The following inclusions and assumptions have been adopted: (1) sludge thickening and dewatering includes electricity and flocculants consumption; (2) sludge transport includes fuel production and direct emissions of the transport; (3) sludge drying includes thermal and power consumption; (4) TCR includes thermal energy and power consumption, water, nitrogen and lubricating oil consumption, wastewater production, and thermal energy recovery; (5) PSA includes power consumption, nitrogen consumption, compressed air consumption, and zeolite (activated carbon) production and disposal; (6) HDO includes power consumption, nitrogen consumption, compressed air consumption, steam consumption, water consumption, wastewater production, and catalyst production and disposal; (7) CHP generation includes power and thermal energy production, lubricating oil consumption, direct emission, NaOH and water consumption, and wastewater production (8) biochar gasification includes power and thermal energy production, steam consumption, lubricating oil consumption, and direct emission; (9) WWTP is based on a specific dataset on wastewater treatment; (10) phosphorus recovery includes energy consumption, chemical production, resin production and its disposal, steam consumption, wastewater treatment, residual ash disposal, and credits from phosphoric acid production; (11) HDO bio-oil distillation includes thermal energy and power consumption; (12) fuel distribution includes fuel production and direct emissions of the transport; (13) fuel combustion includes the directed emission of the bio-fuels combustion in car engines where the emissions of CO2 and CH4 are biogenic; (14) only the operational phase is considered, excluding facility construction and equipment assembly and dismantling; and (15) maintenance is not included. Studies have shown that for long-lived technical systems, the environmental impact of the construction phase is often negligible compared to that of the operation phase [40,41,42].
A detailed Life Cycle Inventory is presented in Table 2. Note that the five scenarios differ only in terms of the source used to supply the additional thermal energy for the TCR/PSA/HDO process.

2.2.3. Life Cycle Impact Assessment

With regard to life cycle impact assessment (LCIA), the methods recommended in the ILCD Handbook were applied [43,44]. The following 15 impact categories were included in a first comparison among all scenarios: Global Warming Potential excluding biogenic carbon (GWPebc), Acidification Potential (ACP), Freshwater Aquatic Ecotoxicity Potential (FAETP), Freshwater Eutrophication Potential (FETP), Marine Eutrophication Potential (METP), Terrestrial Eutrophication Potential (ETP), Human Toxicity Potential with cancer effects (HTPc), Human Toxicity Potential with non-cancer effects (HTPnc), Ionizing Radiation Potential with human health impacts (IRPhh), Land Use Change Potential (LUCP), Ozone Layer Depletion Potential (ODP), Respiratory Inorganics Impact Potential with particulate matter (RIPpm), Photochemical Ozone Formation Potential (POFP), Water Resource Depletion Potential (WRDP), and Abiotic Resources Depletion Potential (ADP). The GWP was calculated excluding biogenic carbon, on the basis that biogenic CO2 was not accounted for either as stored in the feedstock or as released during the oxidation of biofuels and biochar. It was therefore treated as carbon-neutral.

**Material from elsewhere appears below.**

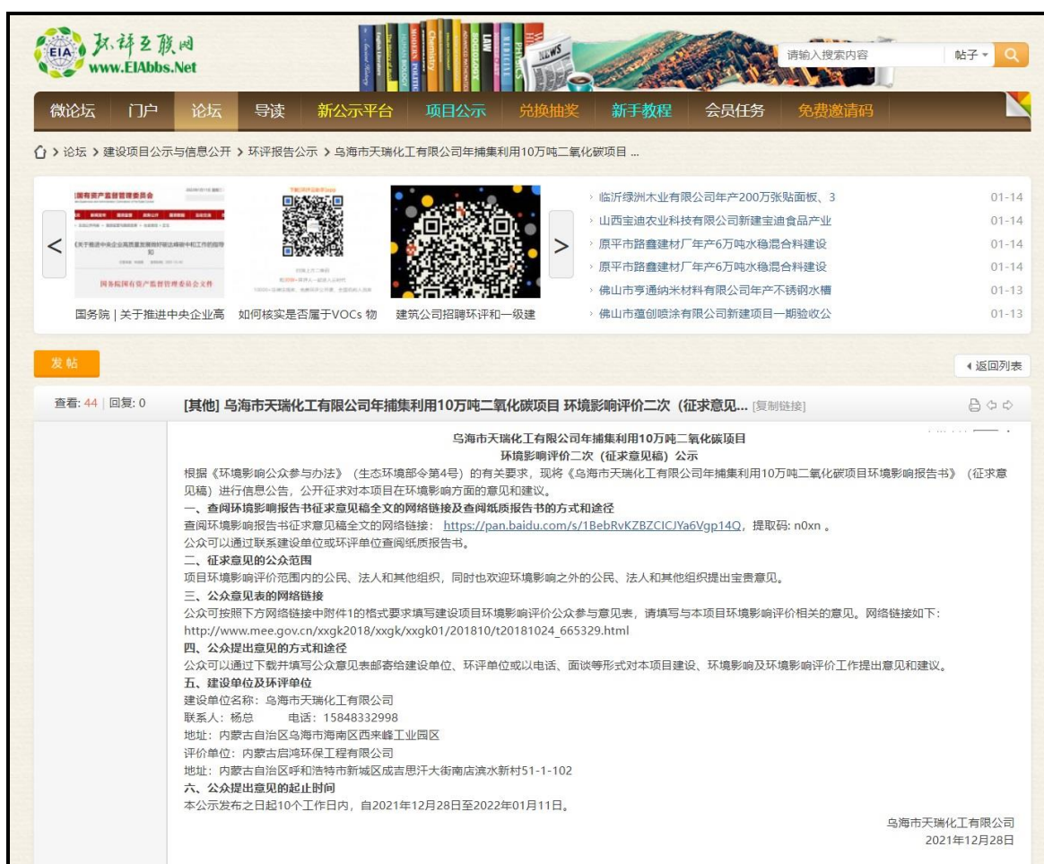
图3.2-1 征求意见稿公示截图

In this regard, it is useful to clarify the interpretation of the emissions balance underlying the LCA indicators: (i) a negative impact score reflects avoided environmental impacts resulting from the substitution of other products; (ii) a positive impact score indicates a direct contribution to environmental impacts.

3. Results

The results are presented in three sections: climate change potential, comprehensive environmental profile analysis, and evaluation of the relative contributions of the individual processes comprising the system. The objective is to assess their capacity to reduce greenhouse gas emissions in the transport sector without generating impacts in other categories, and to trace the origin of these impacts to support system design and engineering optimization.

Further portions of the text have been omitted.